Similairement, nous n’y arriverons pas dans la lutte contre la dégradation des terres ou contre la destruction de la biodiversité, tant que nous n’avons pas une politique climatique cohérente.

La bonne nouvelle est que réparer la planète n’est pas une mission incompatible avec le développement économique et la prospérité. Bien au contraire.

Je clorais mes propos par deux exemples pour illustrer mes propos :

  • A date, sur les financements destinés à la lutte contre le Changement Climatique, seuls 3% des financements vont à la Nature. Alors que la nature détient 37% des solutions (en matière de mitigation).

En détruisant la nature, nous émettons des gaz à effet de serre, alors qu’en la protégeant, nous stockons du carbone.
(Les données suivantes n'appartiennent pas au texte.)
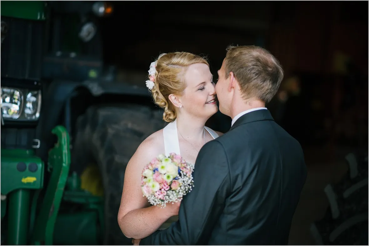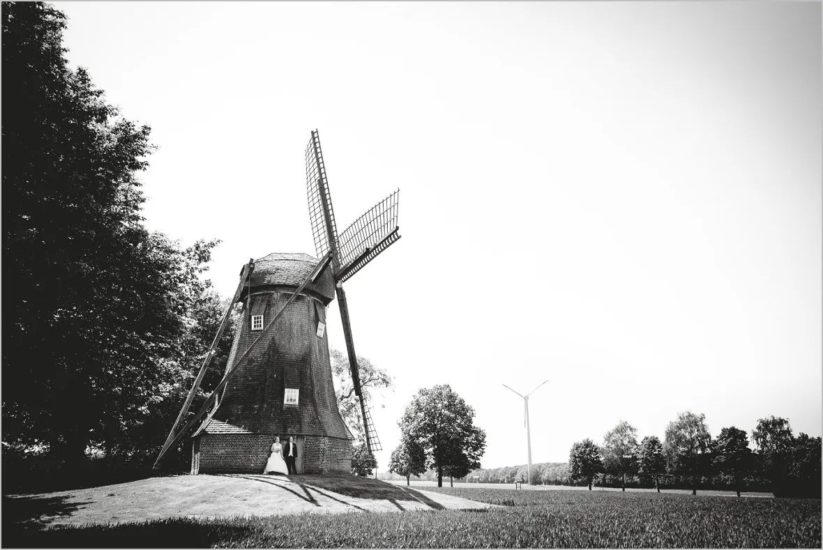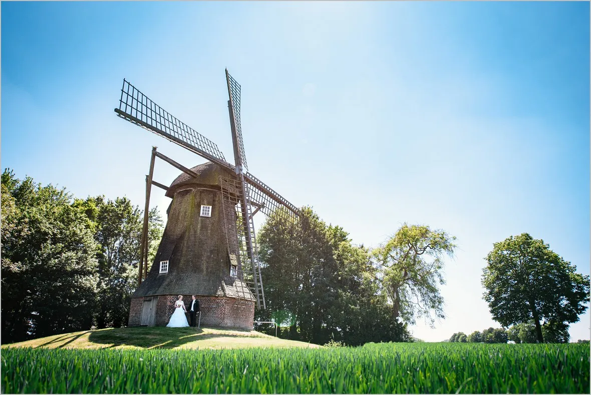 Stadtkind trifft Hobbybauern. Ein Brautpaar mit ganz viel Herz und Hund. Ja, ein Hund, und der ist für die Beiden sehr wichtig. Das merkte ich schnell. Es war so herrlich einfach und sympathisch und wir haben viel gelacht. Ein tolles Paar! Drahthaar Baloo war noch kurz vor den Bildern im Graben und sah noch etwas anders aus ????. Aber das hat er ja noch mal hinbekommen. Wunderbare Paarbilder auf dem Bauernhof in Ahaus Quantwick und Windmühle entstanden.

  • La Grande muraille verte du Sahel : La région du Sahel présente des défis importants. Je reviens à la même image du patient polypathologique.

Il faut un remède de cheval.

Pas un baume homéopathique.

Selon un rapport de UNCCD, il faudrait restaurer 8M ha par an et investir USD 4 B annuellement, d’ici 2030.

Au One Planet Summit de Paris en janvier dernier, près de $ 19 billion ont été promis pour 2025, près de 48% de ces fonds sont déjà programmés.

Il faut cependant accélérer et simplifier les procédures de décaissement pour transformer au plus tôt « les dollars en hectares ».